▶ **Your instructions**
Copy out the data from the line containing "漫步月湖,仿佛走在婉约雅致的" to its last line, exactly. No pictures.

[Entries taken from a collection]
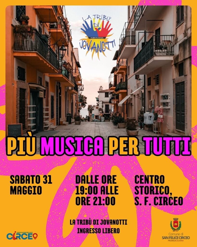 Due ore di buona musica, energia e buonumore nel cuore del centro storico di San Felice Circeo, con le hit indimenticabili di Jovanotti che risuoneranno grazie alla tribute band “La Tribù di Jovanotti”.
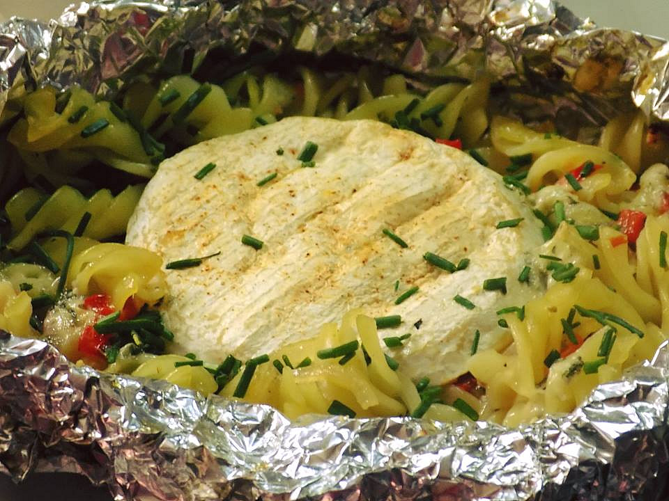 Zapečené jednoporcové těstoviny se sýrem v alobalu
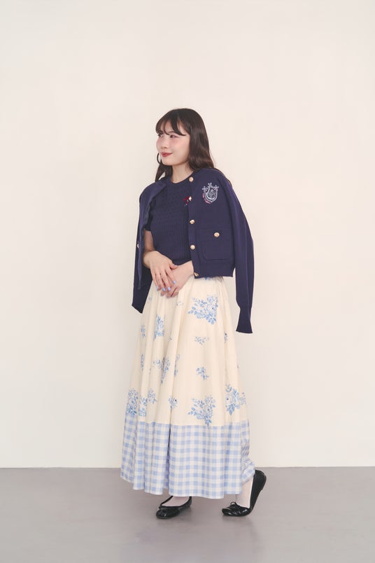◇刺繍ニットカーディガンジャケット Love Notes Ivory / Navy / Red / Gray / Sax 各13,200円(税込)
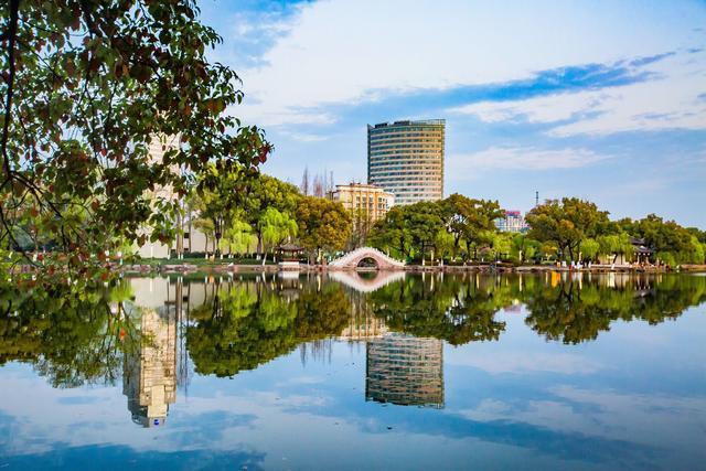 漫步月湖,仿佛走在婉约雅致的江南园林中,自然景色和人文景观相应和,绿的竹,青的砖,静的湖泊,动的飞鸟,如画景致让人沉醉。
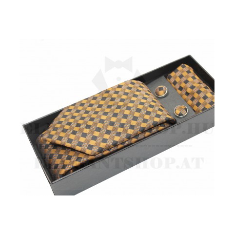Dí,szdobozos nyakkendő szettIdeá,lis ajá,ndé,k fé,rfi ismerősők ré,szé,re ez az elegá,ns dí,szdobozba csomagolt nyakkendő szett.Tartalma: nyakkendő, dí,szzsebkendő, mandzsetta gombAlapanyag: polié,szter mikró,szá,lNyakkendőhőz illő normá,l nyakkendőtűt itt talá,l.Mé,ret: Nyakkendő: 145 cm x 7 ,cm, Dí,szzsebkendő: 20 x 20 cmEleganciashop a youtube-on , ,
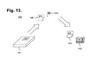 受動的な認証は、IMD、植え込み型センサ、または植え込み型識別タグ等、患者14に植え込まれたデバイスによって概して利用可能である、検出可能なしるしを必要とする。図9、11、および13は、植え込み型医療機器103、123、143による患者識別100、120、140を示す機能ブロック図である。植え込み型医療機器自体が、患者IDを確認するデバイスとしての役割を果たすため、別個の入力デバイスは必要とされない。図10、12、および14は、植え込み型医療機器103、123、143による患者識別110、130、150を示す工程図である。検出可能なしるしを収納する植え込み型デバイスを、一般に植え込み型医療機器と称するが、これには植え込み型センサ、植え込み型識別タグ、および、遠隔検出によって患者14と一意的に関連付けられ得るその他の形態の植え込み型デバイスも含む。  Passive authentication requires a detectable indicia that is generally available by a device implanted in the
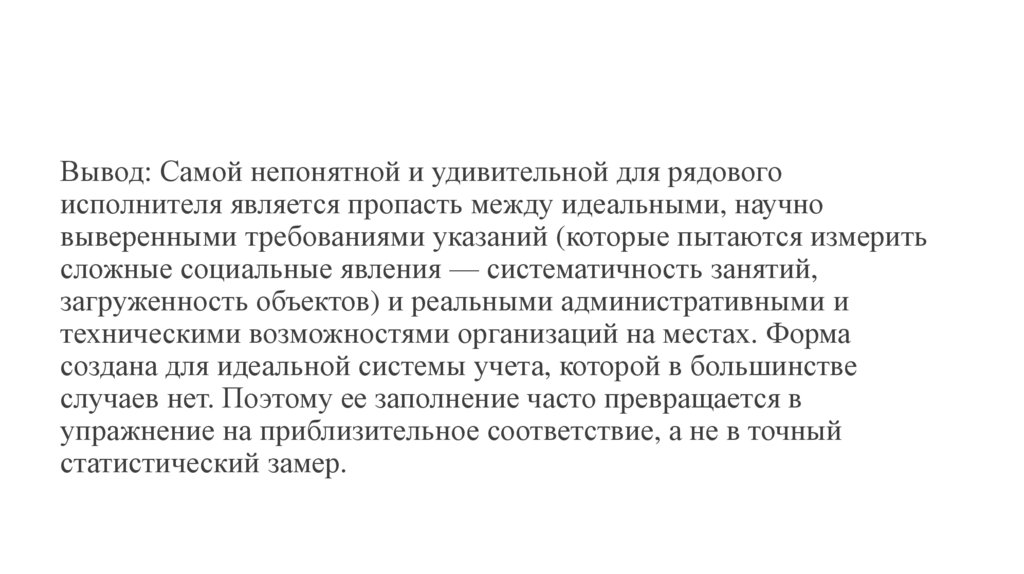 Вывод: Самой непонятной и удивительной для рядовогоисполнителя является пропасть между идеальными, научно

▶ **Solved problem**
 漫步月湖,仿佛走在婉约雅致的江南园林中,自然景色和人文景观相应和,绿的竹,青的砖,静的湖泊,动的飞鸟,如画景致让人沉醉。
Dí,szdobozos nyakkendő szettIdeá,lis ajá,ndé,k fé,rfi ismerősők ré,szé,re ez az elegá,ns dí,szdobozba csomagolt nyakkendő szett.Tartalma: nyakkendő, dí,szzsebkendő, mandzsetta gombAlapanyag: polié,szter mikró,szá,lNyakkendőhőz illő normá,l nyakkendőtűt itt talá,l.Mé,ret: Nyakkendő: 145 cm x 7 ,cm, Dí,szzsebkendő: 20 x 20 cmEleganciashop a youtube-on , ,
 受動的な認証は、IMD、植え込み型センサ、または植え込み型識別タグ等、患者14に植え込まれたデバイスによって概して利用可能である、検出可能なしるしを必要とする。図9、11、および13は、植え込み型医療機器103、123、143による患者識別100、120、140を示す機能ブロック図である。植え込み型医療機器自体が、患者IDを確認するデバイスとしての役割を果たすため、別個の入力デバイスは必要とされない。図10、12、および14は、植え込み型医療機器103、123、143による患者識別110、130、150を示す工程図である。検出可能なしるしを収納する植え込み型デバイスを、一般に植え込み型医療機器と称するが、これには植え込み型センサ、植え込み型識別タグ、および、遠隔検出によって患者14と一意的に関連付けられ得るその他の形態の植え込み型デバイスも含む。  Passive authentication requires a detectable indicia that is generally available by a device implanted in the
 Вывод: Самой непонятной и удивительной для рядовогоисполнителя является пропасть между идеальными, научно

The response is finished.